Indicate by check mark whether the registrant is an emerging growth company as defined in Rule 405 of the Securities Act of 1933 (§230.405 of this chapter) or Rule 12b-2 of the Securities Exchange Act of 1934 (§240.12b-2 of this chapter).

Emerging growth company  ☐             

If an emerging growth company, indicate by check mark if the registrant has elected not to use the extended transition period for complying with any new or revised financial accounting standards provided pursuant to Section 13(a) of the Exchange Act.  ☐

 

 

 


Item 7.01. Regulation FD Disclosure.

As previously announced, on April 20, 2017, KCG Holdings, Inc. (“KCG”) entered into an Agreement and Plan of Merger (the “Merger Agreement”) with Virtu Financial, Inc. (“Virtu”) and Orchestra Merger Sub, Inc., an indirect, wholly owned subsidiary of Virtu (“Merger Sub”). Pursuant to the Merger Agreement, Virtu will acquire KCG for $20.00 per share in an all-cash transaction in which Merger Sub will merge with and into KCG (the “Merger”), with KCG surviving the Merger as a wholly-owned subsidiary of Virtu. This Current Report on Form 8-K contains an update regarding certain matters related to the Merger.

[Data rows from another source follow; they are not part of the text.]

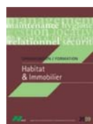
Habitat & Immobilier

L'ACET assure plus de 1 000 jours de formation par an dans ces trois grands secteurs.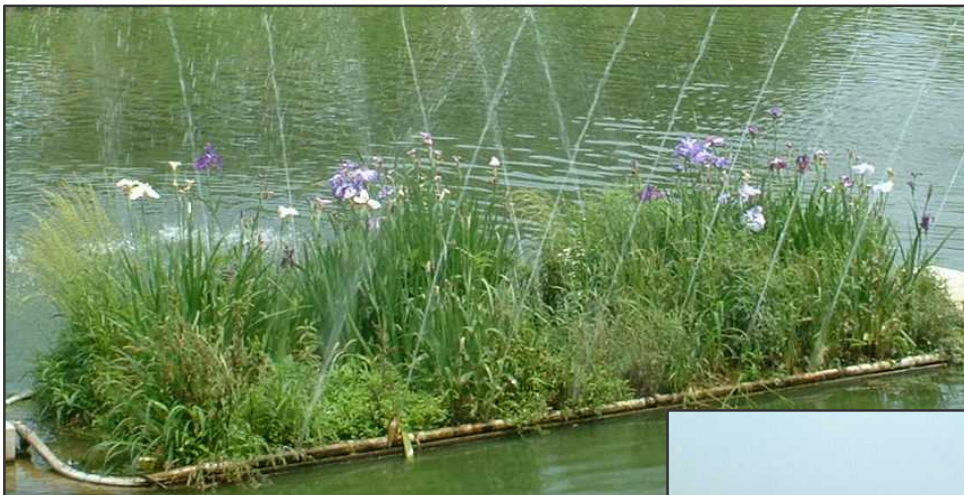
鶴生田川の写真の一番左のアメンボ島

鶴生田川のアメンボ島にはハナショウブの 原種のノハナショウブが植えられており、 シンプルな美しさです。(橋側の2台)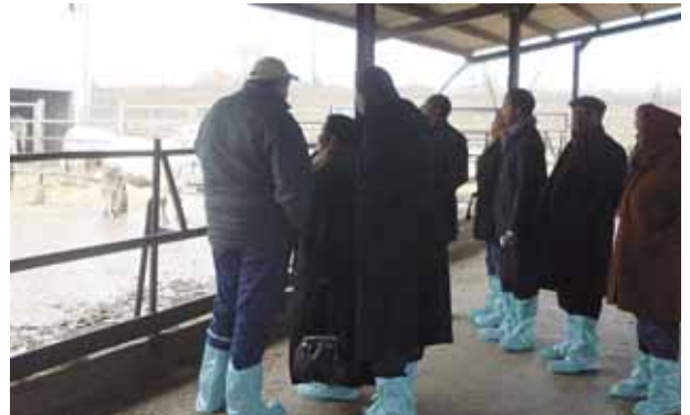
La delegazione Sud Africana durante la visita agli allevamenti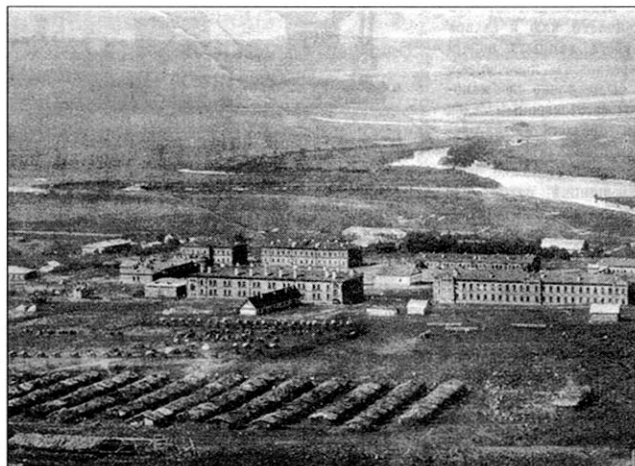
Село Раздольное Приморской области в 1908 г. Казармы 1-го Восточно-Сибирского стрелкового полка. На переднем плане шалаши 6-го Восточно-Сибирского стрелкового полка, зимовавшего в Раздольном в начале Русско-японской войны 1904—1905 гг.

Рост численности войск позволил оперативно и успешно силами Приамурского военного округа и войск Квантунской области осуществить в 1900—1901 гг. поход в Китай для ликвидации восстания ихэтуаней и стабилизации обстановки в стране (одновременно в Китай вводились английские, американские, немецкие и другие войска). Как раз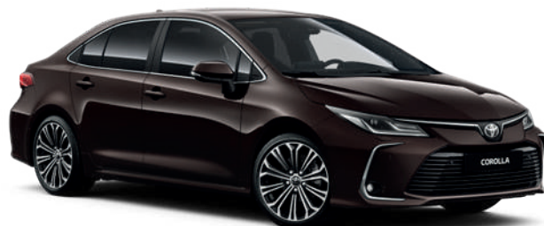
4W9 Темно-коричневый металл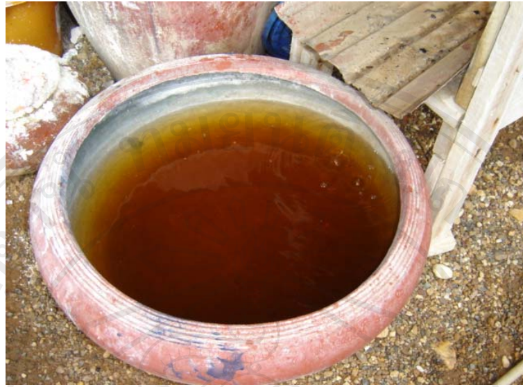
ภาพที่ 3-4 น้ำต่างจากขี้เถ้า

น้ำต่างจากขี้เถ้า ใช้เป็นตัวละลายสีที่ได้จากต้นคราม น้ำขี้เถ้าที่ได้จากการนำขี้เถ้าถ่านมาละลายน้ำคนให้ทั่วแล้วปล่อยให้แห้งไว้ให้ตกตะกอนจะได้น้ำต่างเป็นน้ำใสที่อยู่ตอนบน ซึ่งการทำน้ำต่างนั้นชาวบ้านจะทำโดยนำถังโดยด้านล่างถึงเจาะรูเล็กๆ เพื่อให้ น้ำสามารถไหลออกได้ แล้วใส่ขี้เถ้าลงไปจนถึงประมาณครึ่งถังจนเต็ม นำถังเปล่ามารองน้ำจากก้นถัง น้ำที่ได้จากการกรองขี้เถ้า คือน้ำต่าง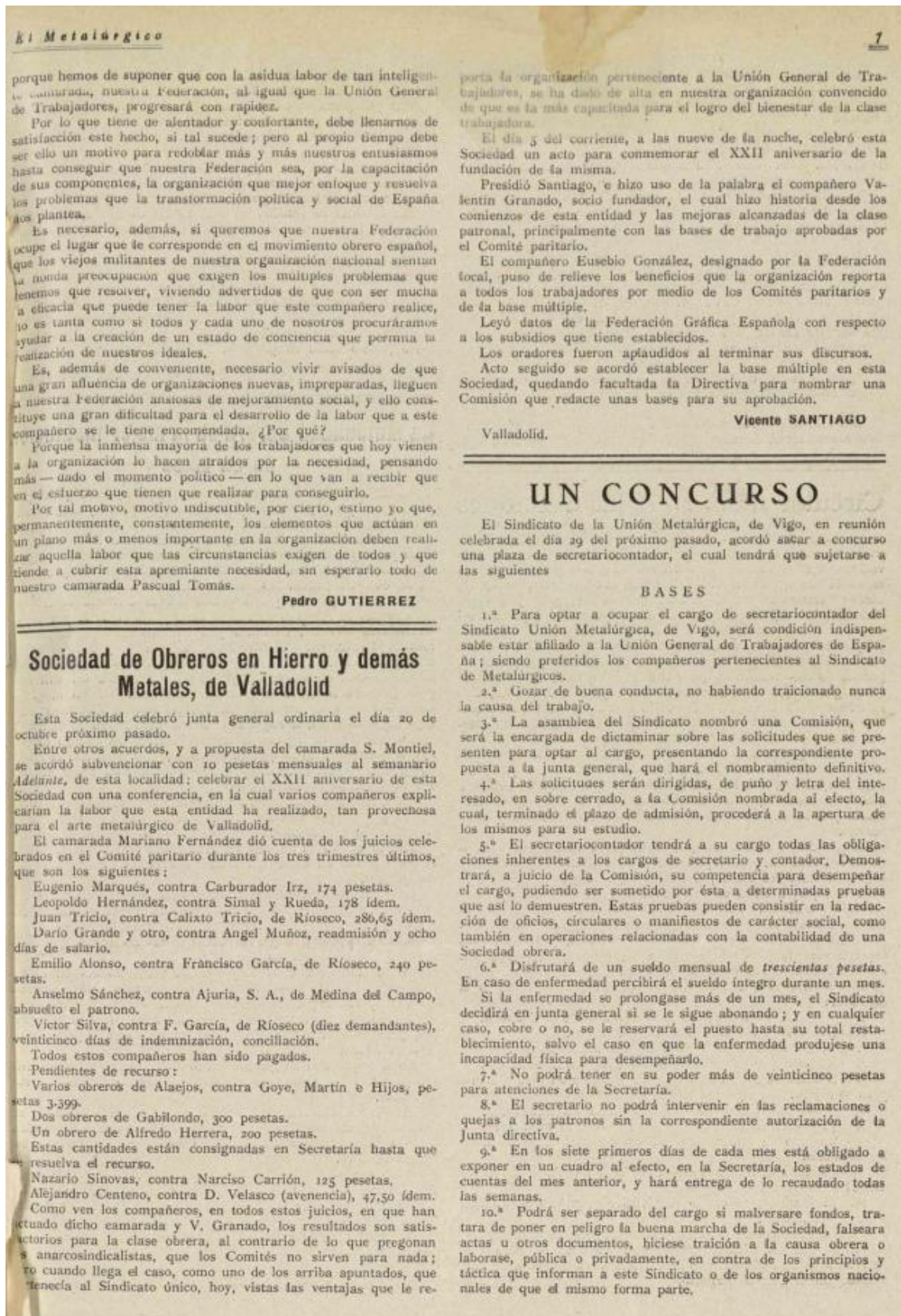
Figura 20: Periódico madrileño El Metalúrgico . Sociedad de Obreros en Hierro y demás Metales de Valladolid .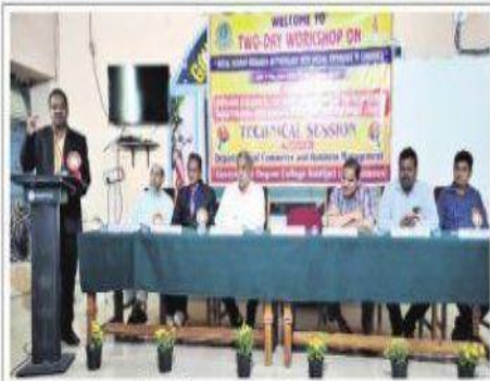
సమావేశంలో మాట్లాడుతున్న నిర్వాహకులు

సిద్దిపేట ప్రతినిధి, నవంబర్ 12 (ప్రభ న్యూస్) : స్థానిక ప్రభుత్వ డిగ్రీ కళాశాల, సిద్దిపేటలో శుక్రవారం కామర్స్ అండ్ బిజినెస్ మేనేజ్మెంట్ విభాగం ఆధ్వర్యంలో ఇండి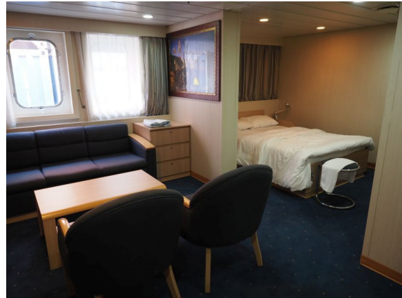
Doppelkabine mit einem Doppelbett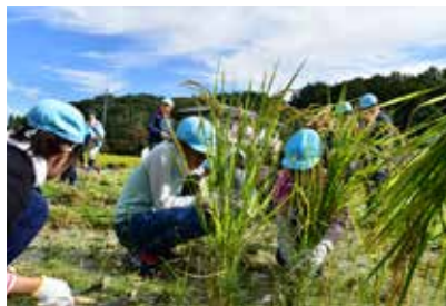
5年生たちが力を合わせて取り組んだことで、田んぼ一面に実った稲穂はあっという間に収穫された。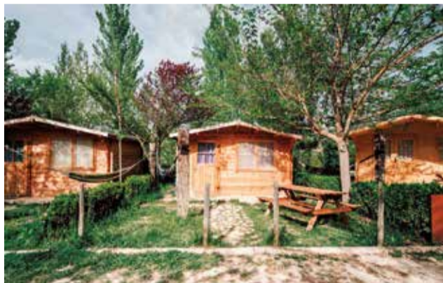
El Slow Life Camping en Venta del Moro.

La playa canina se encuentra junto a la pasarela conocida como la 'Senda Blava' y no cuenta con servicios específicos para perros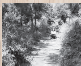
昭和30年頃の柏木林道

とき 8月4日(出)～26日(出) ※18日(出)は午後1時～ ところ 桜土手古墳展示館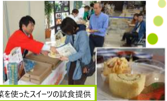
伝統野菜を使ったスイーツの試食提供

イベントでは、来場者の皆さんに伝統野菜の特徴や美味しさを紹介した後、「馬のかみしめ」のバターロールケーキ、「宇津沢かぼちゃ」のモンブラン、「紅大豆」のプリンを試食提供を行い、約100名の方に普段とはひと味違う伝統野菜の魅力を堪能していただきました。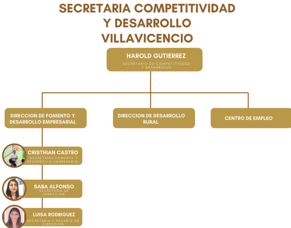
Figura 1. Organigrama

Nota. Adaptado de la Dirección de fomento y desarrollo empresarial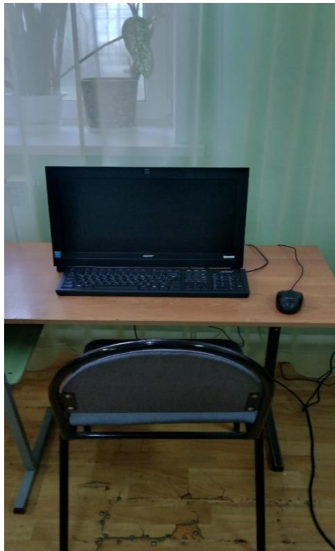
№13 – с умственной отсталостью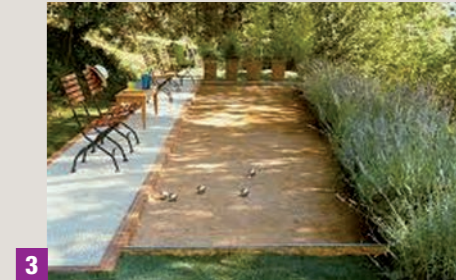
3 Terrain de pétanque

Preliminary Voting Results of the Special Meeting of Stockholders

On July 19, 2017, KCG stockholders voted to approve each of the proposals considered at a special meeting of stockholders held at KCG’s principal executive offices in New York, New York. The preliminary voting results for each proposal is summarized below.

 

  1. The proposal to adopt the Merger Agreement was approved by a vote of approximately 81.5% of the issued and outstanding shares of KCG common stock entitled to vote;

 

  2. The proposal to authorize the Merger for purposes of Section 203 of the Delaware General Corporation Law (the “DGCL”) was approved by a vote of approximately 75.5% of the outstanding shares of KCG common stock (other than shares of KCG common stock owned by Virtu and shares owned by Jefferies LLC that could be attributed to Virtu under Section 203 of the DGCL);

 

  3. The proposal to approve, on a non-binding, advisory basis, the compensation that certain executive officers of KCG may receive in connection with the Merger pursuant to agreements or arrangements with KCG was approved by a vote of approximately 95.8% of the issued and outstanding shares of KCG common stock present or represented by proxy at the special meeting and entitled to vote; and

 

  4. The proposal to approve one or more adjournments of the special meeting, if necessary or appropriate, including adjournments to permit further solicitation of proxies in favor of the first proposal above was approved by a vote of approximately 95.5% of the issued and outstanding shares of KCG common stock present or represented by proxy at the special meeting and entitled to vote.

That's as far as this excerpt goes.